The information contained in this announcement does not constitute an
invitation or inducement to engage in investment activity within the
meaning of the United Kingdom Financial Services and Markets Act 2000.
In the United Kingdom, this announcement is being distributed only to,
and is directed only at (i) investment professionals who have
professional experience in matters relating to investments falling
within Article 19(5) of the Financial Services and Markets Act 2000
(Financial Promotion) Order 2005, as amended (the “Order”), or (ii) high
net worth entities, and other persons to whom it may lawfully be
communicated, falling within Article 49(2)(a) to (d) of the Order (all
such persons together being referred to as “Relevant Persons”). The
information contained in this announcement must not be acted on or
relied on in the United Kingdom by persons who are not Relevant Persons.

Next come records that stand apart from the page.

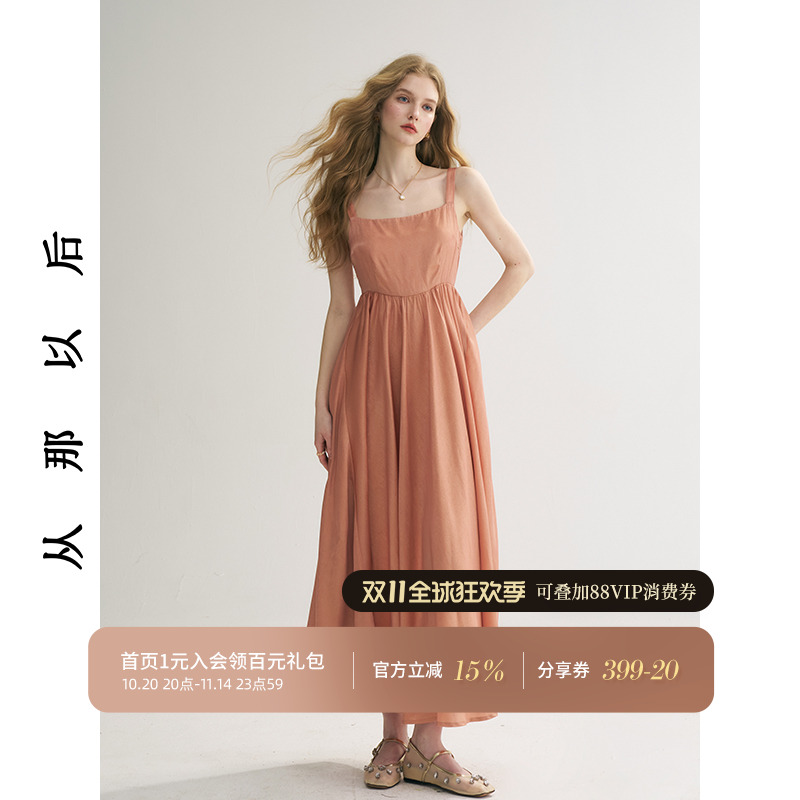 从那以后法式吊带连衣裙度假沙滩风夏长款纯色裙子收腰长裙女夏季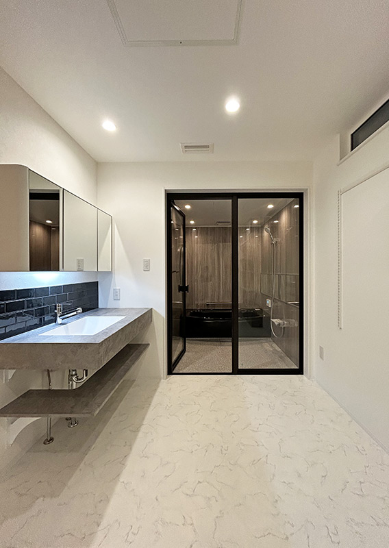 造作洗面台と間接照明、さらに透明感のあるUBガラスでホテルライクな雰囲気に。生活感が出やすい空間だからこそ、垢抜けたLUXEスタイルを徹底しました。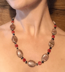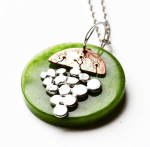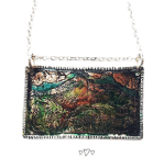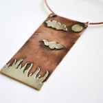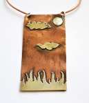Hand painted Copper and Sterling Silver etched necklace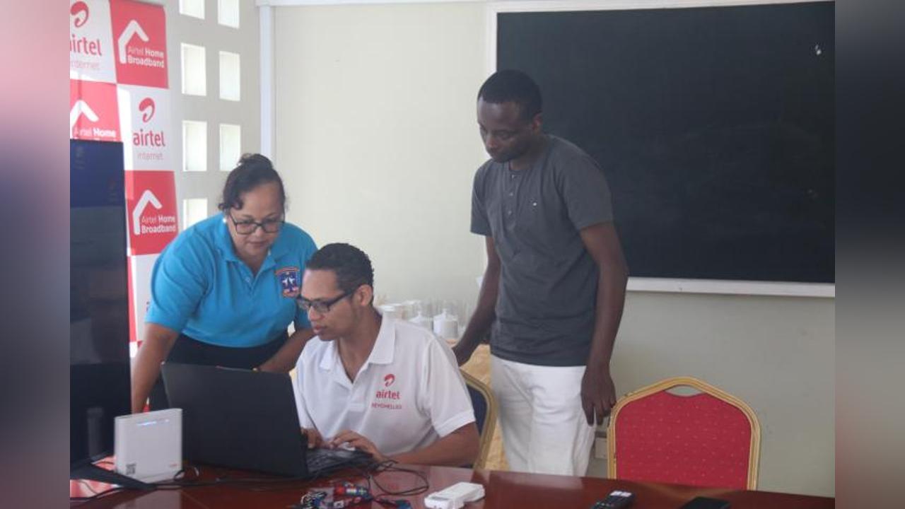 The formal handover of the modem took place on Friday morning at the school premises, with Brand and Marketing Communications manager, Jude Valmont, representing Airtel and Carol Athanasius, the Design & Technology teacher, accepting the router on behalf of Ile Perseverance.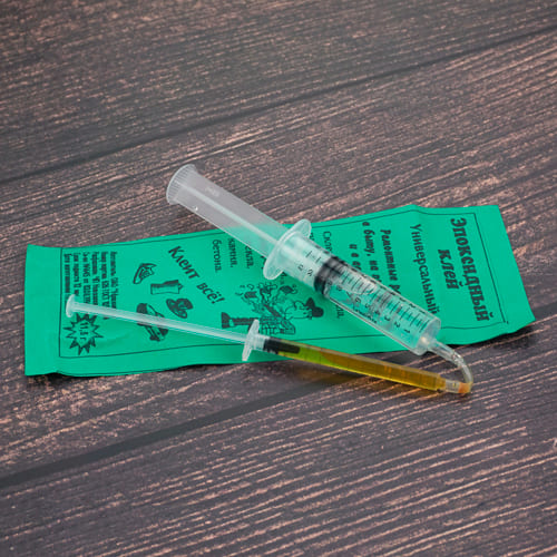 Эпоксидный клей . шприц применяют для склеивания разных деталей из металла, дерева, ПВХ, стекла, керамики, фарфора и других материалов, а также для заливки трещин и сколов. Имеет двухкомпонентный состав на основе отвердителя и эпоксидной смолы, поэтому он быстро затвердевает. Поставляется в двойном шприце на блистере.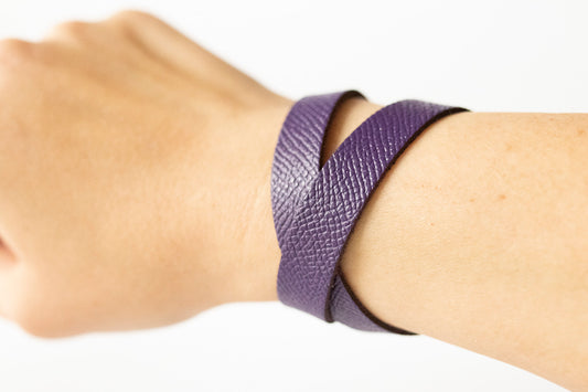 Leather Bracelet / Slim Wrap Cuff / Aubergine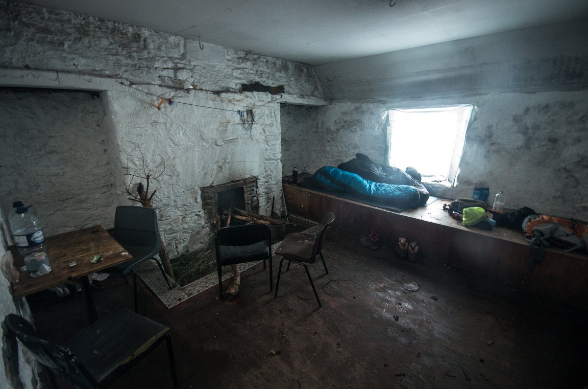 19 Bothies jsou volně přístupné horské útulny. Když je najdete, můžete zde přespat i zatopit si...no, jak kdo. I přes veškerou snahu se nám oheň rozdělat nepodařilo, protože dřevo bylo notně promrzlé a vlhké.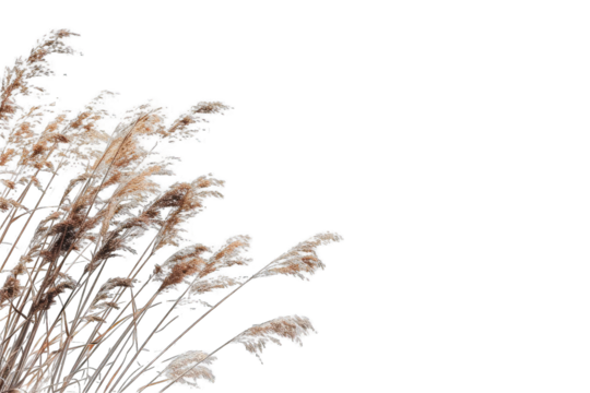 Tall fluffy pampas grass plumes with feathery texture, an ornamental herb suitable for decoration, isolated on transparent background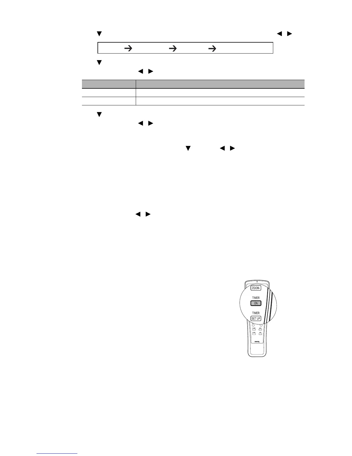 projector or remote control to confirm. You will see the message “Timer is On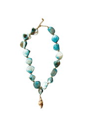 Inspired by ocean treasures, the Emerald Shell Necklace gleams with rich green tones and gold details. Water-resistant and timeless, it’s your statement of calm luxury.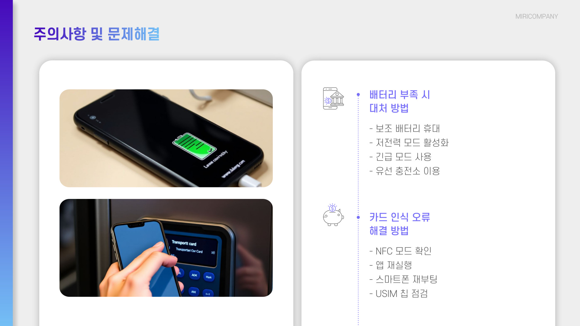 - 현금이나 카드 없이도 대중교통 이용 가능.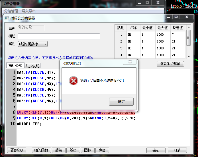 投资者咨询:同样的指标复制过来到另外一个wh6(模拟)为什么语法检测不通过? (文华财经WH6赢顺V6.7)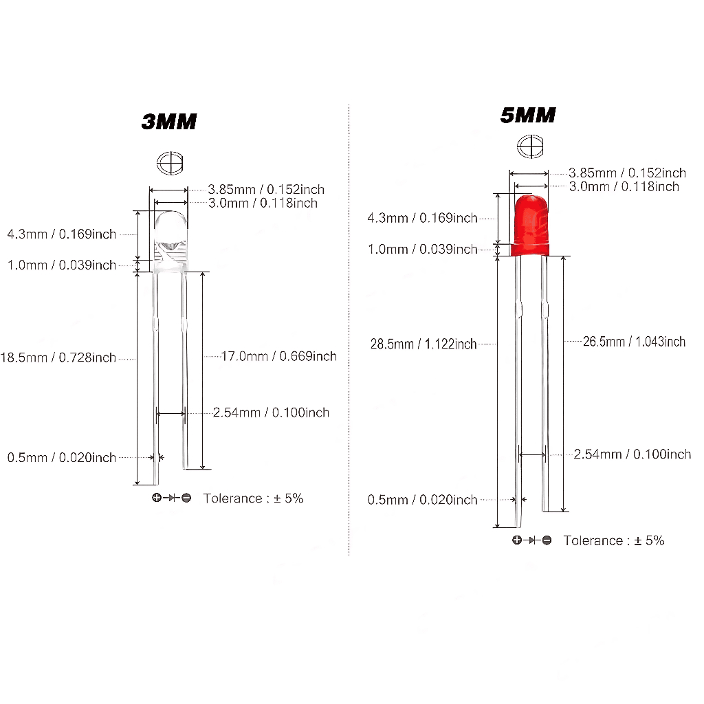 Led 5mm Acrílica Azul Amarelo Branco Verde Vermelho 1 Peças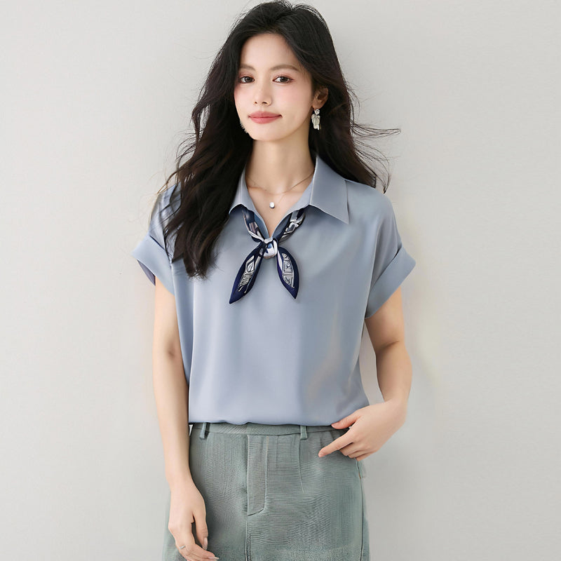 出荷済みシャツ2025新作ホットスタイルサマーフレンチスタイルサテン半袖シャツプロフェッショナルコミュータートップ

In the United Kingdom, the Notes were only available to, and any
investment or investment activity to which this announcement relates was
available only to Relevant Persons, and was engaged in only with such
persons. Any person who is not a Relevant Person should not act or rely
on the information contained in this announcement.
This press release contains forward-looking statements and
information that are necessarily subject to risks, uncertainties, and
assumptions. No assurance can be given that the transactions described
herein will be consummated or as to the ultimate terms of any such
transactions. CEMEX assumes no obligation to update or correct the
information contained in this press release.